Menurutnya, terjadi kesimpangsiuran informasi soal rencana kepulangan WNI. Pemerintah sebelumnya hanya mendapatkan informasi dari lembaga kemanusiaan internasional bahwa ada sekitar 680 WNI yang berada di kamp-kamp pengungsian di Suriah.
"Itu kan hanya laporan, bahwa ada itu (WNI). Lalu ada isu-isu mereka ingin pulang. Siapa? ndak ada, kata Mahfud di Kantor Kemenko Polhukam, Jakarta, Rabu (12/2/2020).
Mahfud mengatakan bahwa eks kombatan ISIS asal Indonesia itu selalu menghindar, tak pernah lapor ke kedutaan bahkan tak mengakui dirinya lagi sebagai WNI. "Itu dapat dari Palang merah Internasional, CIA, cuma gitu-gitu. Mereka kan menghindar dari kita," sambungnya.
Menurut dia, WNI eks simpatisan ISIS itu tidak pernah berkomunikasi dengan pemerintah. Keberadaan mereka di luar negeri justru ditemukan pihak luar.
"Mereka kan tidak lapor. Hanya ditemukan oleh orang luar. Yang menemukan kan CIA, ICRC. 'Ini ada orang Indonesia'. Kita juga enggak tahu apanya. Paspornya udah dibakar, terus mau diapain. Kalau kamu jadi pemerintah mau diapain kira-kira? Enggak bisa kan. Ya, dibiarin aja. Enggak bisa dipulangkan," kata mantan Ketua Mahkamah Konstitusi ini.
Badan Nasional Penanggulangan Teroris (BNPT) juga sudah ke Suriah, tapi gagal menemui para WNI yang sebagian besar wanita dan anak-anak itu.
"BNPT sudah ke sana, kita sudah ke sana. Hanya ketemu sumber-sumber otoritas resmi saja. Di situ ada ini katanya. Akan tetapi, orangnya enggak pernah menampakkan juga," kata Mahfud.

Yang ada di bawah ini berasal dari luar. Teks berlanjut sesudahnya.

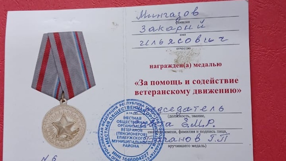 Депутат Елабужского городского Совета, председатель МО партии в Елабужском районе Закарий Ильясович Мингазов награжден медалью "За помощь и содействие ветеранскому движению"

Sebelumnya, wacana pemulangan WNI yang mayoritas wanita dan anak-anak itu digulirkan Menteri Agama Fachrul Razi. "Sekarang mereka terlantar di sana dan karena kepentingan kemanusiaan minta dikembalikan ke Indonesia itu termasuk kewajiban kita bersama untuk mengawasinya dan membinanya. Mudah-mudahan mereka bisa kembali menjadi warga negara Indonesia yang baik," ujar Fachrul dalam pidato sambutannya di acara Deklarasi Organisasi Kemasyarakatan Pejuang Bravo Lima (PBL), Discovery Ancol Hotel, Jakarta Utara pada, Sabtu (1/2).